Vaccination with DNA 1818PE clearly indicates that antigens that do not cause a humoral response—but cause a cellular one—are more effective at protecting against TB in comparison to an antigen that evokes a humoral but not a cellular response (136). In the lungs and spleen, the following vaccine types have afforded protection from Mtb at a level equal to or even better than BCG-mediated protection: BCG + ESAT6-CFP10 DNA, BCG + CFP21-MTP64 DNA (128); pIRES-EPS-FL DNA + ESAT6 peptide boost, pIRES-ESAT6-FL DNA + ESAT6 peptide boost (129), nano-ESAT6/3e DNA, nano-ESAT6/3e-FL DNA, ESAT6/3e-FL DNA, nano-ESAT6 DNA, nano-ESAT6-FL DNA (135); and Ag85B DNA + MPT64 DNA + MPT63 DNA + ESAT6 DNA (137). The most commonly used antigens have been Ag85B and ESAT6, with ESAT6 giving the best protection. It is also evident that BCG prime has a beneficial effect on CFU counts, by reducing them 10^0.9-fold as compared to the administration of DNA alone and by 10^0.4–10^0.6-fold as compared to BCG, and the use of a peptide boost reduces the number of CFUs by 10^0.45-fold as compared to homobooster injection of a DNA vaccine. The addition of adjuvants (FL, IL-12, or IL-23) diminishes CFU counts by 10^0.1–10^0.4-fold.

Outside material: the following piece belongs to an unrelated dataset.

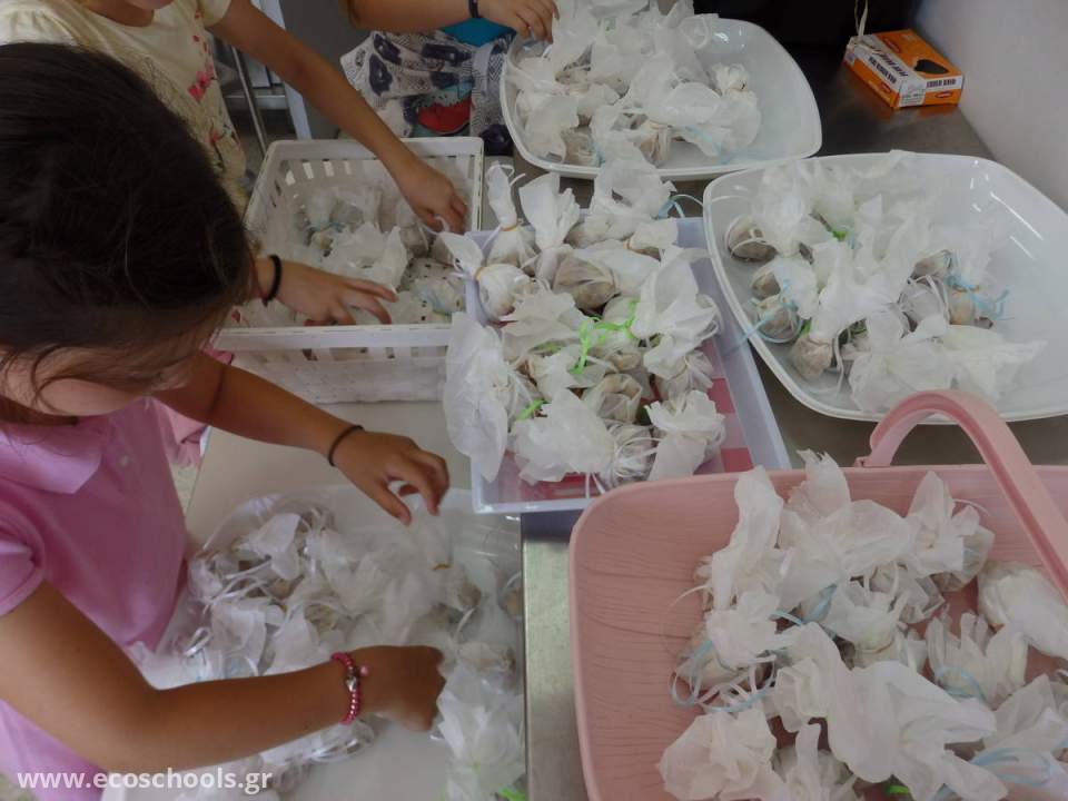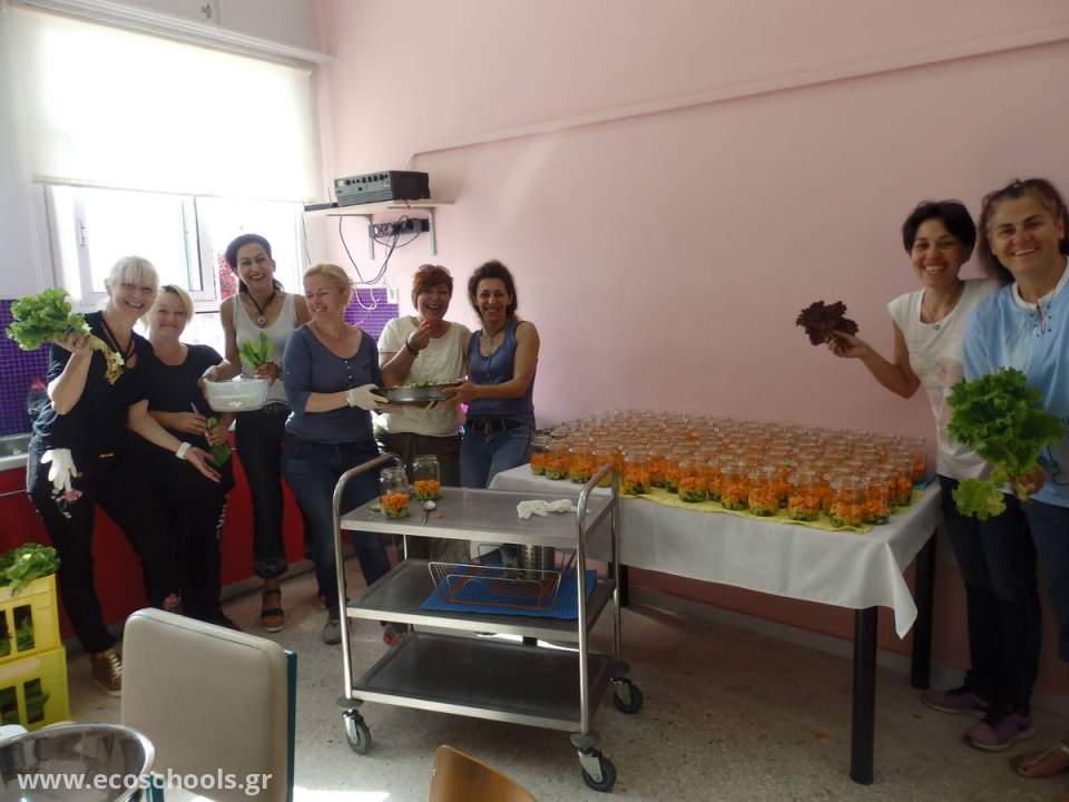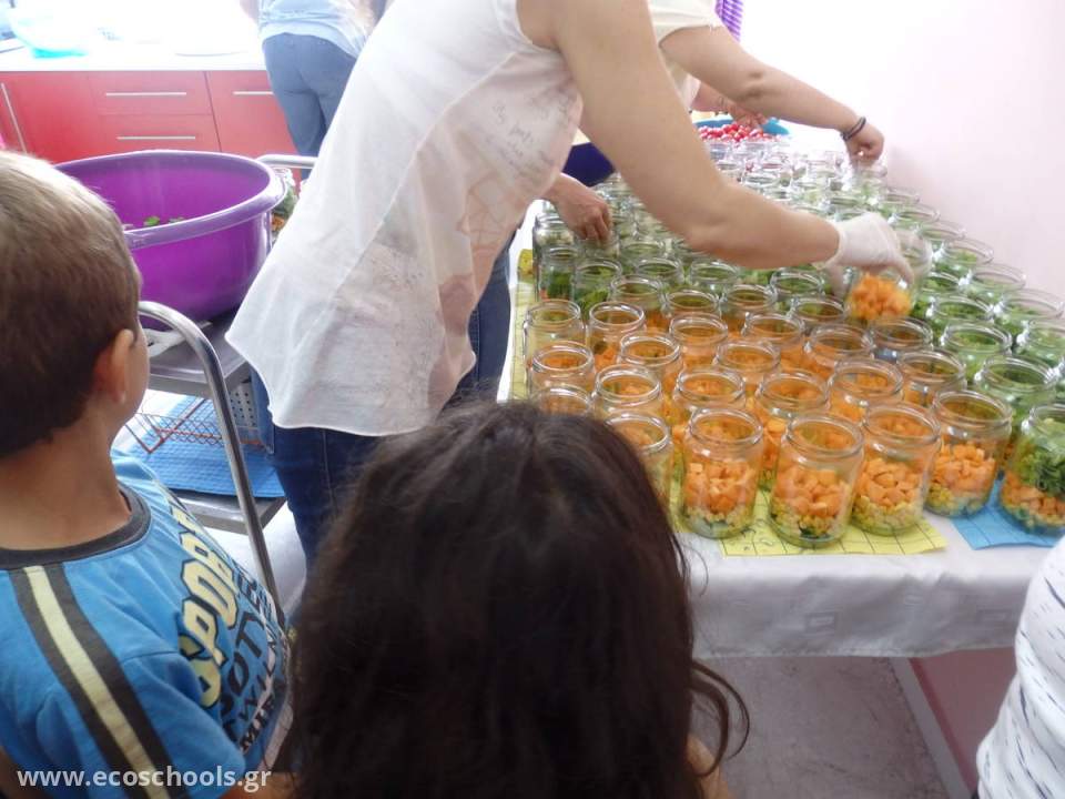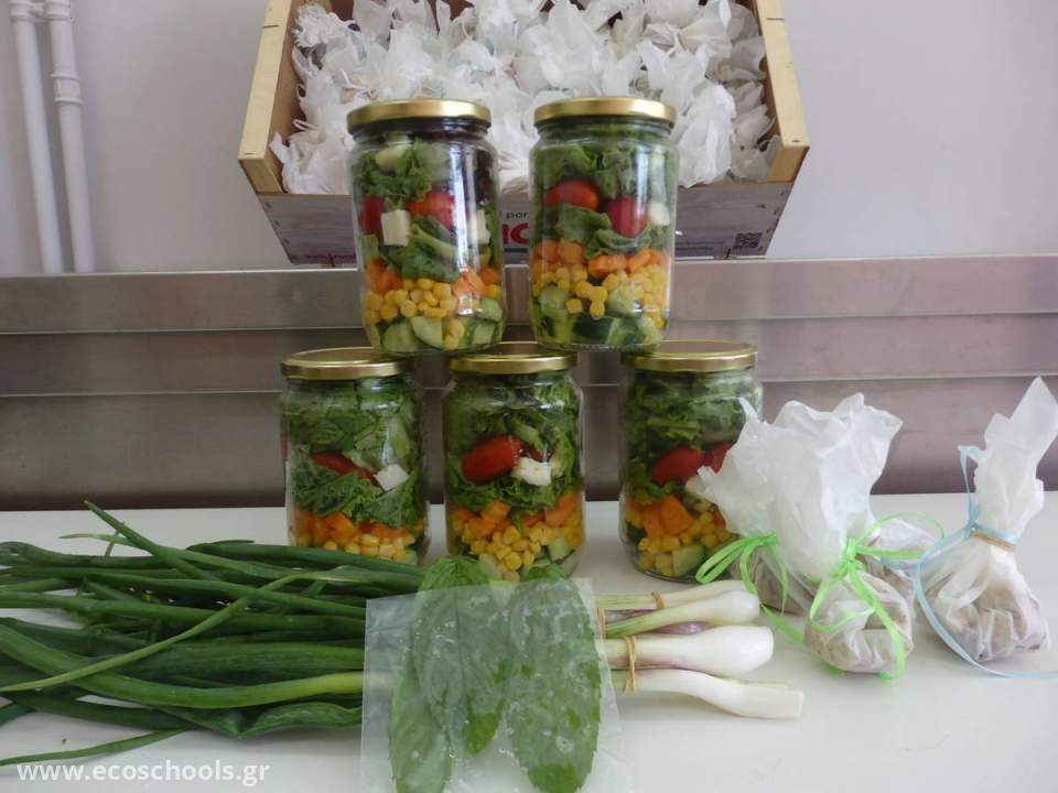 Οι μαθητές της Β΄& Γ΄τάξης (2ου & 6ου Δημ. Σχ. Αρτέμιδος) ετοίμασαν, με τα λαχανικά του κήπου μας, νόστιμες σαλάτες σε βαζάκια, συσκεύασαν χειροποίητα κρουτόν σε λαδόκολλα, δυόσμο σε σακουλάκια και έφτιαξαν ματσάκια από κρεμμυδάκια.

Especially interesting is a study comparing the effectiveness of DNA and RNA vaccines (130). To evaluate a short-term protective effect, mice were infected at 4 weeks—and for a long-term assessment, at 6 months—after the last injection of an NA vaccine; CFUs were determined 5 weeks after the infection. In terms of short-term protection, immunization by either a DNA vaccine or RNA vaccine had a moderate protective effect; however, CFU counts with BCG were an order of magnitude lower. In the experiment on long-term protection, the DNA vaccination reduced CFU counts to the BCG level, and the RNA vaccination was ineffective (130). This difference is likely explained by the fact that antigen expression persists for a longer period when a DNA vaccine is administered in comparison with an RNA vaccine. In another work, where researchers evaluated short- and long-term effects after immunization with self-replicating mRNA vaccine SinCP-Ag85A, vaccination gave a strong protective response in the lungs at 4 weeks after infection, but after 6 months, CFU counts in the lungs increased significantly (138).

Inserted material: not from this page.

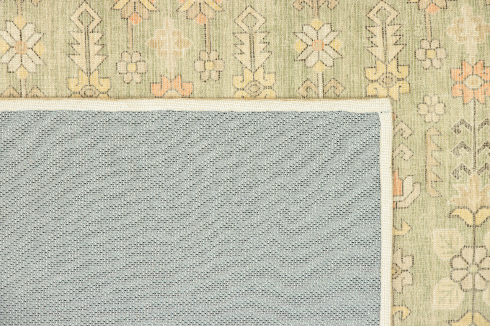 Our polyester is highly durable, mildew-resistant, and machine-washable. In this piece, it's combined with cotton for extra durability. Cotton, a vegetable fiber, is widely used across rug traditions because of its sturdiness and longevity. Finally, a recycled cotton backing makes it both strong and supple.
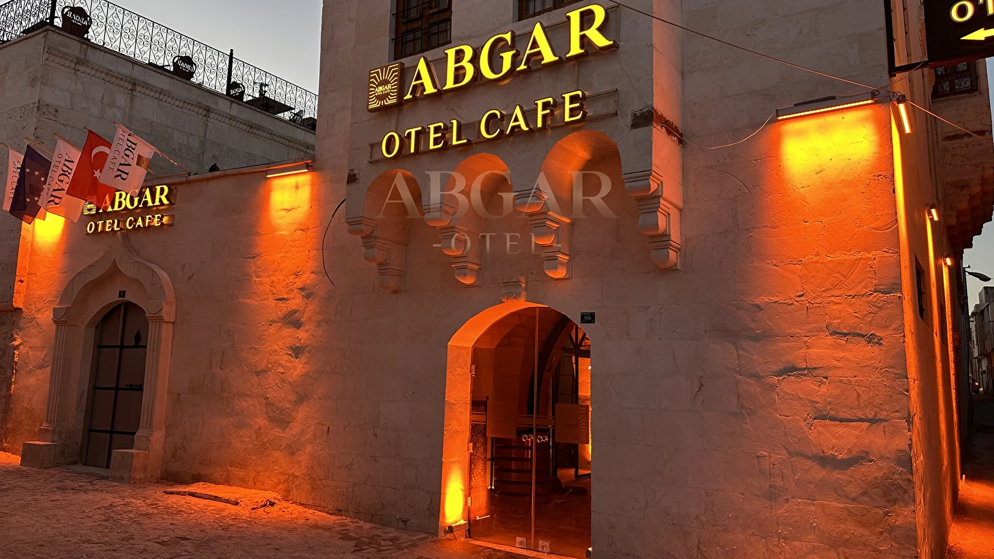 Tarihi kayıtlarda Abgar efsanesinde, 5. Abgar Ukkama’nın ilk Hıristiyan kral olduğu ve Edessa Bölgesi’nde (Şanlıurfa) hüküm sürdüğü Hazreti İsa’nın tebliğinden hemen sonra bu dini kabul ettiği belirtiliyor. Efsaneye göre; V. Abgar ilk Hıristiyan kraldır. Cüzzam hastalığına yakalanan ve bu nedenle oldukça acı çeken 5. Abgar’ın, Hazreti İsa’nın gönderdiği mucizevi mendil sayesinde iyileştiği rivayet ediliyor. Otelimiz ismini V.Abgar Kralından almıştır. ABGAR Otel in bulunduğu konum itibariyle 500-600 yıllık tarihe dayalı olup geçmiş yıllarda ermeni asıllı vatandaşlar tarafından kullanılan 3 adet konağın birleştirilmesi ile özel olarak tasarlanmıştır. Birbirinden muhteşem zerzembe odaları , süit odaları ,aile odaları ve daha bir çok özelliği olan toplam 21 odası olan , 3 ayrı avlu birbirinden bağımsız , 3 ayrı terastan oluşmuş olup tarihi çarşılar ve balıklı göl bölgesine yakın görkemli bir yapıdır.

In addition to preventive vaccination, one of the studies deals with therapeutic administration of a vaccine 4 weeks after infection (134). The therapeutic vaccination diminished bacterial load in the lungs similarly to preventive vaccination; however, in the spleen, with therapeutic vaccination by means of a plasmid DNA vaccine carrying only one antigen, CFU counts were reduced in the same way as with BCG vaccination.

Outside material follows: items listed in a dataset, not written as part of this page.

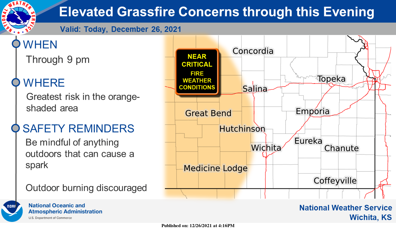 Here's an updated look at where the greatest risk of grassfires will be through late this evening. If in the orange shaded areas, please continue to be mindful of anything that can cause sparks.
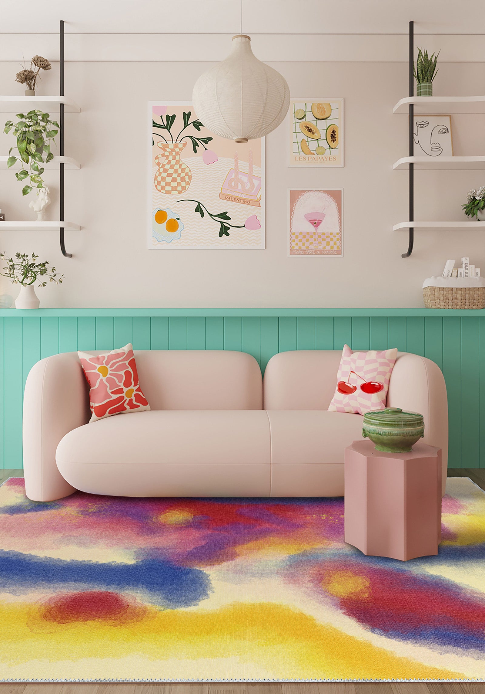 - Textural Appeal: The soft texture of this rug contrasts beautifully with its bold colours, offering both comfort and aesthetic appeal.
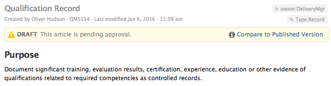 Your Quality Team decides when changes to a document are published to the organization. Until then, only the people they designate, for example reviewers, can see the draft version of the document.
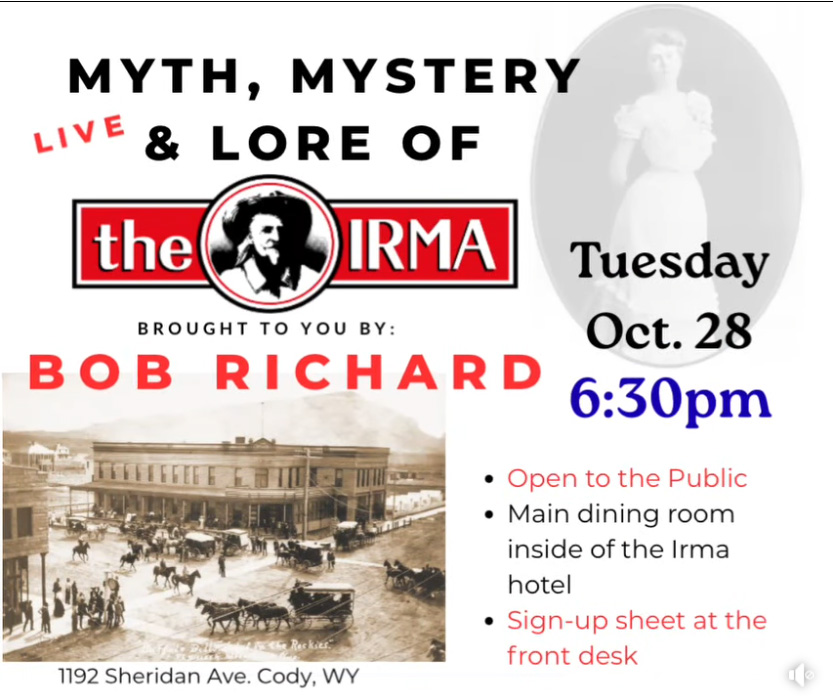 Learn about the history, the characters and the ghosts of the Irma Hotel during this free, public talk given by Bob Richard in the dining room. Sign up sheets are at the front desk.
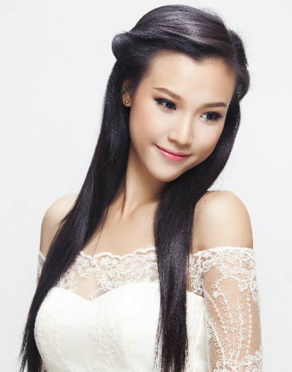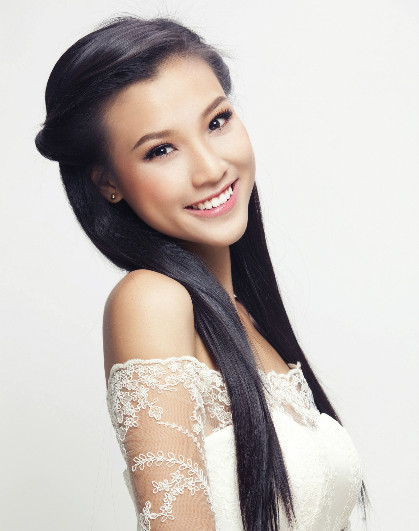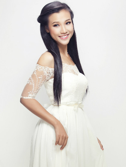Cách làm tóc và trang điểm của Hoàng Oanh cũng giản dị, nhẹ nhàng để tôn nét tự nhiên.

In an article about survival and weight change in infected mice (133), mean survival time of mice receiving a control vector was 95 days. The onset of death in mice vaccinated with DNA was approximately the same among all groups, regardless of the vaccine administered. Mean survival time of mice vaccinated with p-sAg85A–csp(mut) was identical to mean survival time in a negative control group (95 days). Vaccination with p-sAg85A had no effect on survival either (mean survival time = 102 days). By contrast, five out of 10 mice vaccinated with p-sAg85A–csp(wt) lived longer (than did other mice vaccinated with plasmid DNA) and later began to lose weight because the mean survival time of this group was 151.5 days, which is 50 days more than the mean survival time of mice vaccinated with p-sAg85A, and 14 days more than that of mice vaccinated with BCG (mean survival time = 140.3 days).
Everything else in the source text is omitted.